O curta terá 20 minutos e se inspira em muitas produções históricas do audiovisual. A principal referência é o clássico brasileiro Cidade de Deus, de Fernando Meirelles e Kátia Lund, que marcou época no início dos anos 2000. Outra inspiração importante foi o filme Os Donos da Rua, do diretor norte-americano John Singleton (1968 – 2019), o primeiro diretor negro a ser indicado ao Oscar, em 1991.
— Ele é um diretor negro que nasceu em um bairro pobre de Los Angeles e que escreveu um longa-metragem para contar a realidade que vivia e pegou artistas locais para a gravação. Esse filme e Cidade de Deus são as duas referências máximas que busquei para fazer este curta-metragem — explica Crystom.
Protagonismo da população negra
A ideia do curta é resgatar no imaginário da população casos de violência policial. Os personagens, interpretados majoritariamente por atores e atrizes negros, são batizados com nomes de pessoas que tiveram suas vidas interrompidas pelo racismo presente na sociedade.
A história foca em dois jovens amigos, moradores do Morro da Cruz: Wellington, 18 anos, o primeiro da família a terminar o Ensino Médio e com o sonho de ingressar na universidade, e William, que deseja ser um artista para mostrar a realidade da periferia a partir do seu próprio olhar artístico. Ambos são inspirados na vida de Crystom - William, inclusive, é interpretado pelo próprio.
Além dos protagonistas, a obra contará com outros nove personagens, cujos atores foram selecionados em uma audição realizada na comunidade do Morro da Cruz. O objetivo é dar uma primeira oportunidade para moradores que desejam seguir no mundo artístico, como conta o jovem:
— A figurinista e a maquiadora, por exemplo, são mulheres negras que nunca trabalharam com cinema. Buscamos dar experiência para elas atrás das câmeras, não apenas na frente delas.
Oportunidade aos moradores
Uma das atrizes é Lariane Cardoso, 35 anos, também moradora do Morro da Cruz. Ela trabalha como educadora infantil desde os 16 anos e é mãe de quatro filhos. Recorda que já atuou em peças religiosas, mas esta é a primeira vez que participa de uma produção com tanta infraestrutura. — Do jeito que foi, com tantas câmeras, equipe, audiovisual envolvido, é a primeira vez, conta.
Ela interpretará a mãe de um dos protagonistas. O nome de sua personagem, Norma, é uma homenagem à avó de Lariane. Para ela, o curta deixa uma sementinha para outros jovens, mostrando que o povo periférico também pode estar em cena como protagonista.
— Para mim, é algo que vai ficar. Meus filhos e netos vão assistir este curta, vai ficar essa história e sempre vamos nos lembrar — comenta Lariane, que resume a experiência como inesquecível:
— Toda a energia das pessoas foi algo muito especial. Tanto o documentário quanto o Crystom são orgulhos para a nossa comunidade.

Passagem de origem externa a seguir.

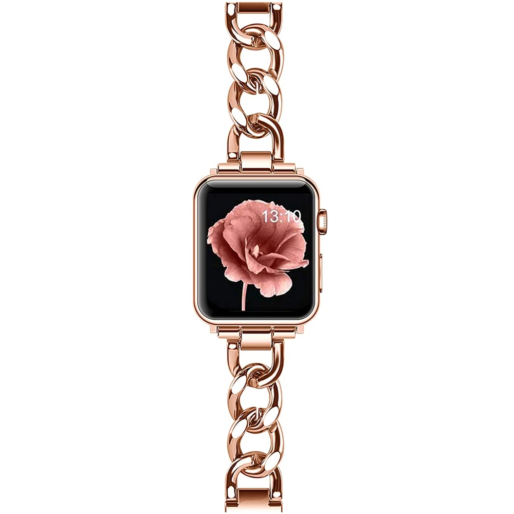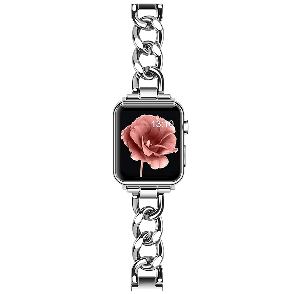 Ремешок из нержавеющей стали для Apple Watch Band 38 мм 40 мм 41 мм 42 мм 44 мм 45 мм iWatch SE 76543, изящный ковбойский браслет-цепочка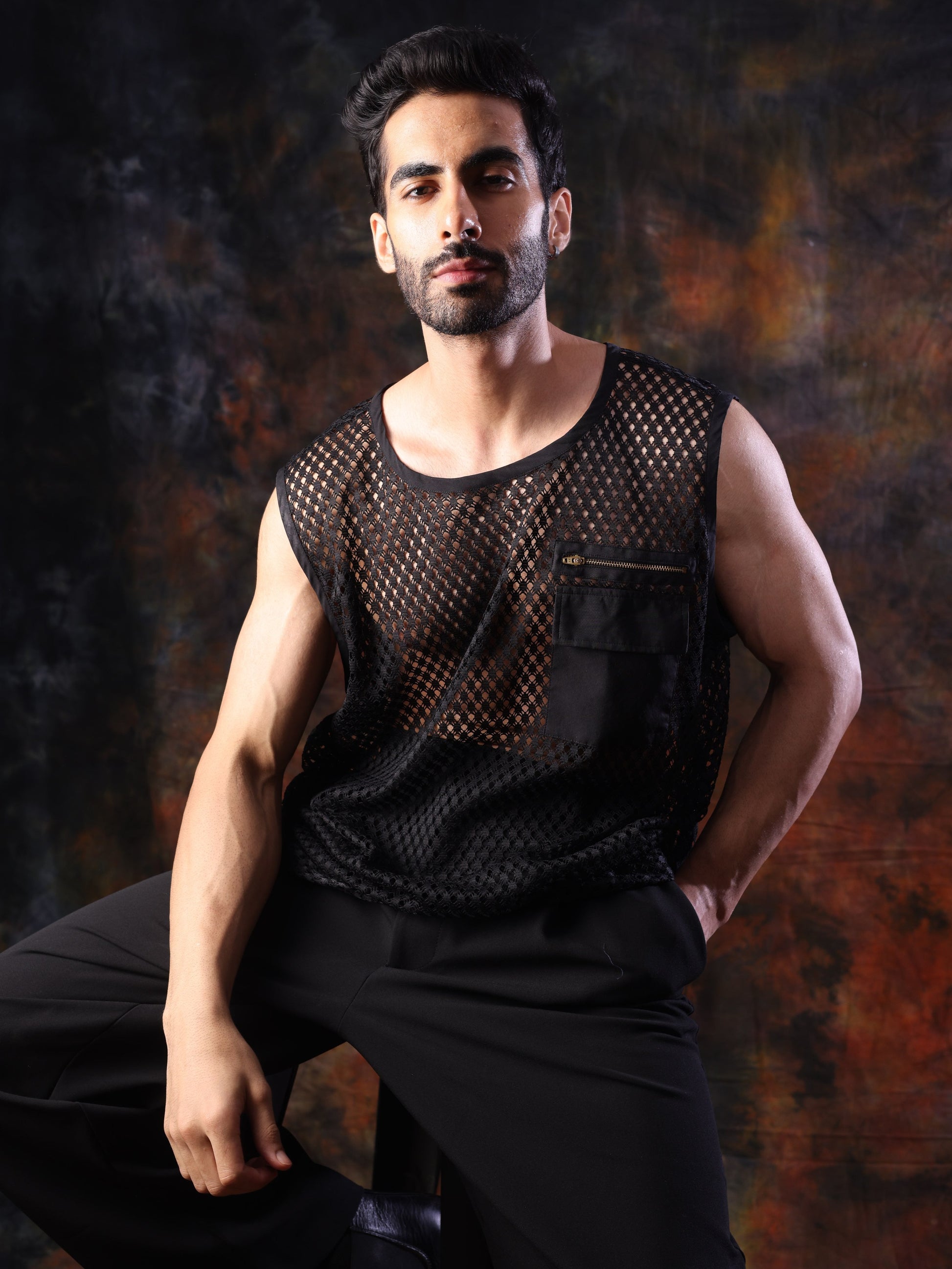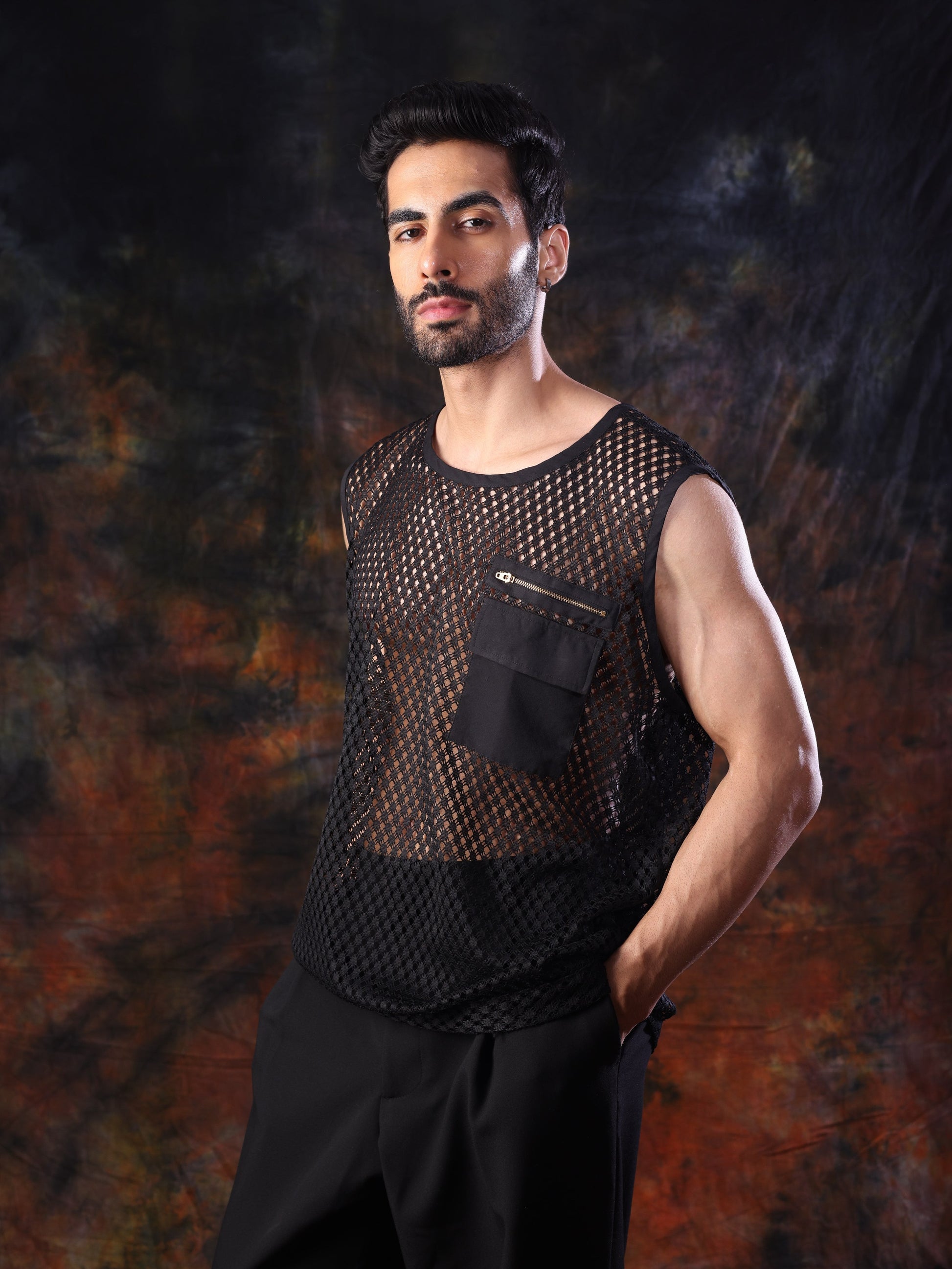 Sleek, bold, and unapologetically modern — the Mesh Tank is crafted from structured black mesh with a sharp geometric weave. Featuring a relaxed sleeveless cut, a statement front zipper pocket, and an effortless silhouette, this piece is designed for those who like to push style boundaries. Perfect for layering or standing on its own, it pairs effortlessly with relaxed trousers or statement streetwear for an edgy, fashion-forward look.

Lançamento previsto para 2025
As gravações começaram em janeiro deste ano e foram encerradas em abril. Vários locais de Porto Alegre serviram de cenário.
— Gravamos no Morro da Cruz, mas também na UFRGS, no campus de Veterinária, e no (Colégio Estadual) Padre Rambo para uma cena de Ensino Médio — conta o estudante.
A produção é da produtora Justiça Poética (do próprio Crystom), com o apoio do Estúdio Magnólia e coproduzido pela produtora audiovisual Praça de Filmes.
A intenção era lançar o curta ainda em 2024, porém, devido à vontade de inscrever o filme em festivais, o lançamento deve ocorrer em 2025. Um deles é o Festival de Gramado, cujas inscrições encerraram em abril.
— Tínhamos o sonho de lançar ainda este ano, mas queremos aproveitar diversos festivais que só ocorrem no próximo ano. A previsão, então, fica para 2025 — completa Crystom.